0

I've been having a hard time finding an answer for this online, so I thought I'd query good ol' Stack Overflow.

I have this example:

v = np.array([
    np.array([1, 1]),
    np.array([1, 2]),
    np.array([1, 3]),
    np.array([1, 4]),
    np.array([1, 5]),
    np.array([2, 1]),
    np.array([2, 2]),
    np.array([2, 3]),
    np.array([3, 1]),
    np.array([3, 2]),
    np.array([3, 3]),
    np.array([3, 4]),
    np.array([4, 1]),
    np.array([4, 2]),
    np.array([4, 3]),
    np.array([4, 4]),
    np.array([4, 5]),
    np.array([4, 6]),
])

k = np.split(v[:, 1], np.unique(v[:, 0], return_index=True)[1][1:])

# output below

[
    np.array([1,2,3,4,5]),
    np.array([1,2,3]),
    np.array([1,2,3,4]),
    np.array([1,2,3,4,5,6])
]

My aim is to select the first and last element of each array in the output list. What I'd like to do is something like:

k = np.array(k, dtype=object)
new_k = (([:, 0], [:, -1]))

But alas, this is not possible. Maybe there is a way to rewrite the line that creates k to just have the first and last item?

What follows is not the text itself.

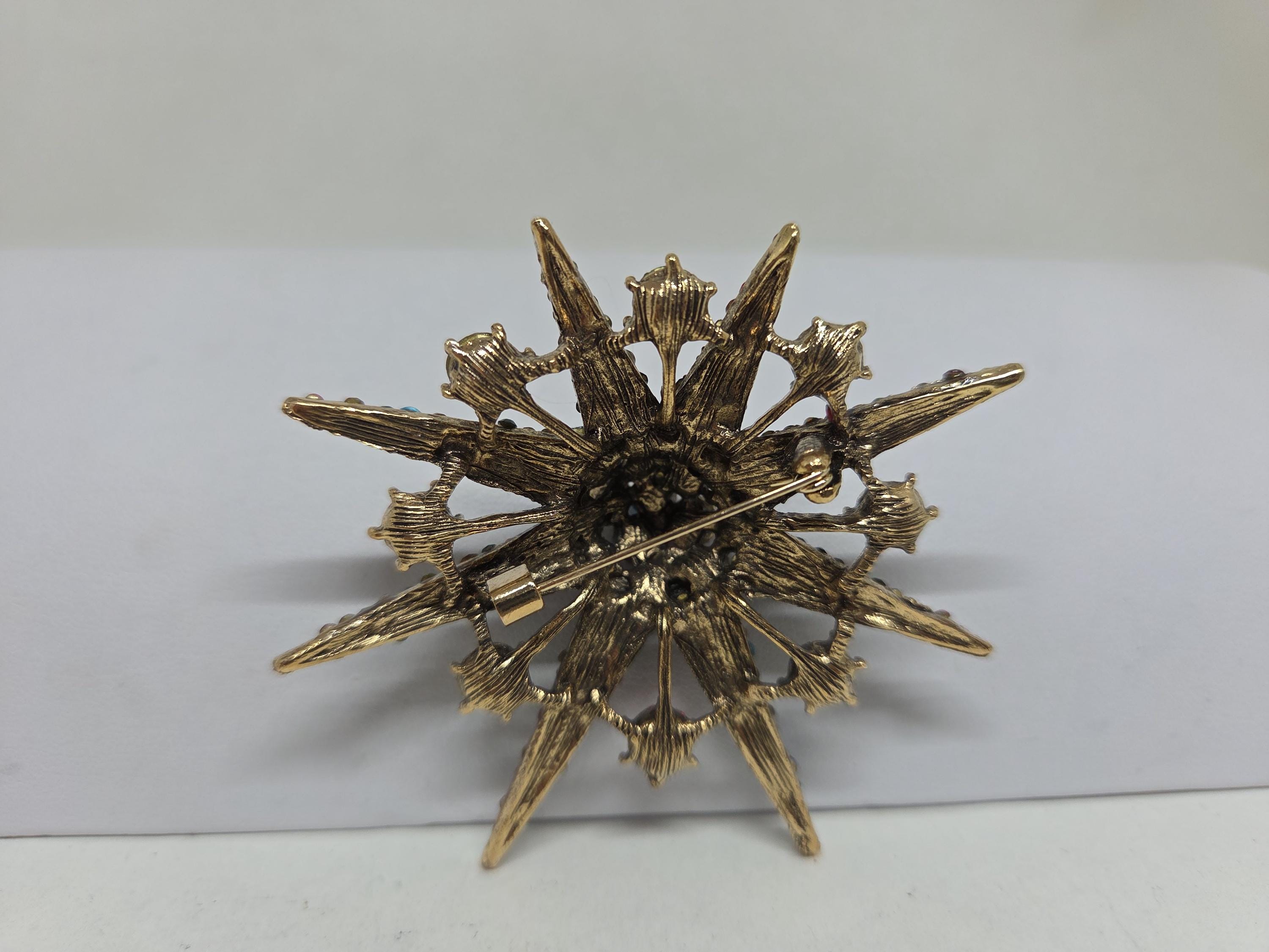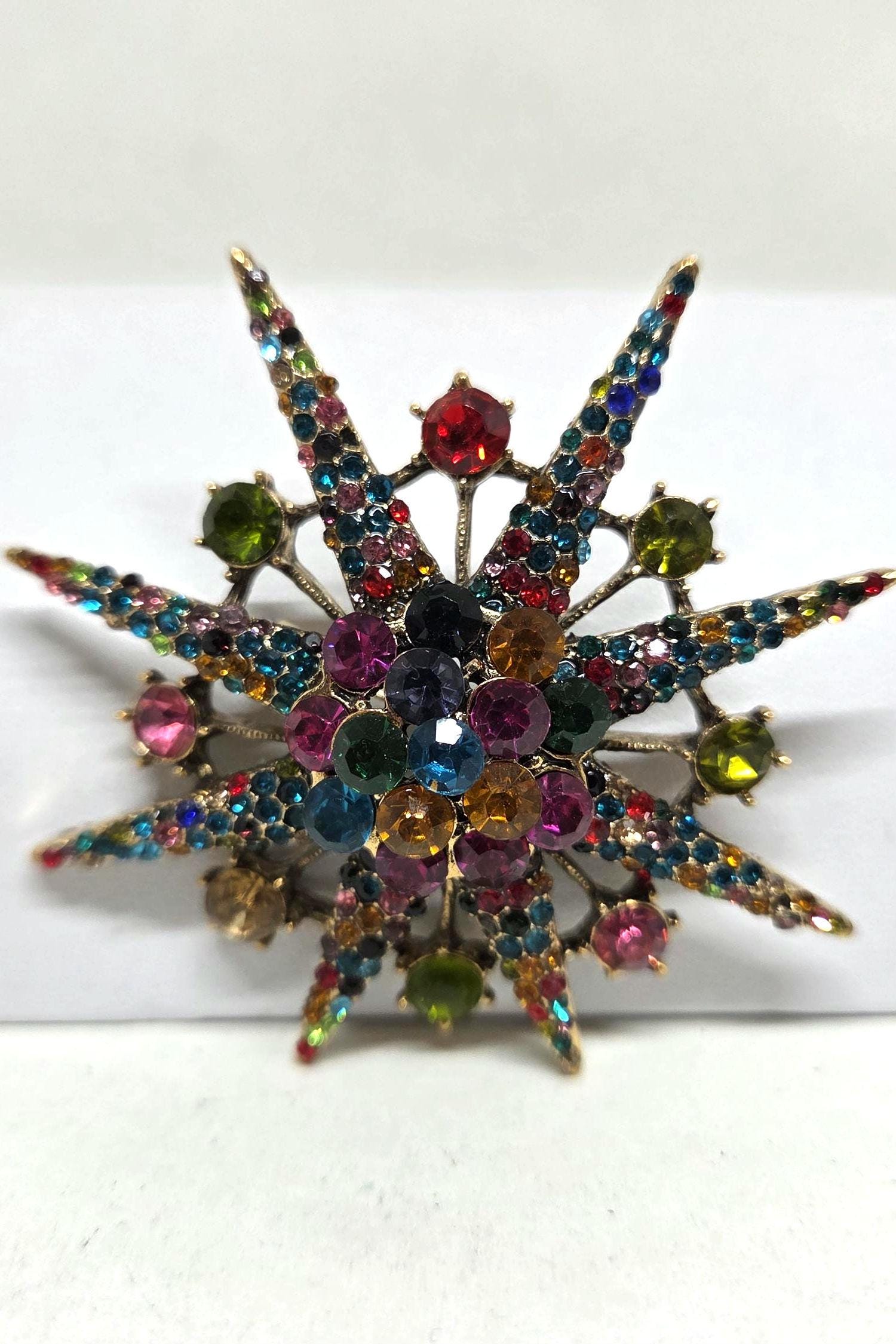 Multi Color Crystal Star Burst Brooch Pin

Notice that I am trying to accomplish this with no list comprehension, defining functions, or loops - just "vanilla" numpy. If that's not feasible, any direction toward the next most efficient way of accomplishing this would be great.

Shmack
  • 1,933
  • 2
  • 18
  • 23
  • 2
    You have a list of arrays. Wrapping it in an object dtype array does not change that essential nature. – hpaulj Jun 15 '23 at 05:23
  • `[a[[0, -1]] for a in out]`, you can't do it in numpy alone in a vectorial way – mozway Jun 15 '23 at 05:26
  • @hpaulj This question (both the comment and post) is going to show my ignorance, but I don't get it. `np.array()` takes in a list and converts it to a ctype array. Why would I expect anything different? – Shmack Jun 15 '23 at 05:27
  • Because numpy arrays make sense when they don't have an object dtype. They are otherwise no better than python lists. – mozway Jun 15 '23 at 05:28
  • @mozway Okay, sure. But there is nothing "better" than list comprehension to solve this problem? I can't rewrite the initial line that creates the list? – Shmack Jun 15 '23 at 05:31
  • 1
    `np.split` used a list comprehension to creat the list of slices. You stuck with treating each of those arrays individually. – hpaulj Jun 15 '23 at 13:43

1 Answers1

1

The np.unique operation selects the first occurrence of a value. Doing that with the normal array means it selects the first of each group, and doing the same for the reversed array means it selects the last of each group.

import numpy as np

v = np.array([
    [1, 1],
    [1, 2],
    [1, 3],
    [1, 4],
    [1, 5],
    [2, 1],
    [2, 2],
    [2, 3],
    [3, 1],
    [3, 2],
    [3, 3],
    [3, 4],
    [4, 1],
    [4, 2],
    [4, 3],
    [4, 4],
    [4, 5],
    [4, 6],
])

first_values = v[np.unique(v[:, 0], return_index=True)[1], 1]
last_values = v[::-1][np.unique(v[::-1, 0], return_index=True)[1], 1]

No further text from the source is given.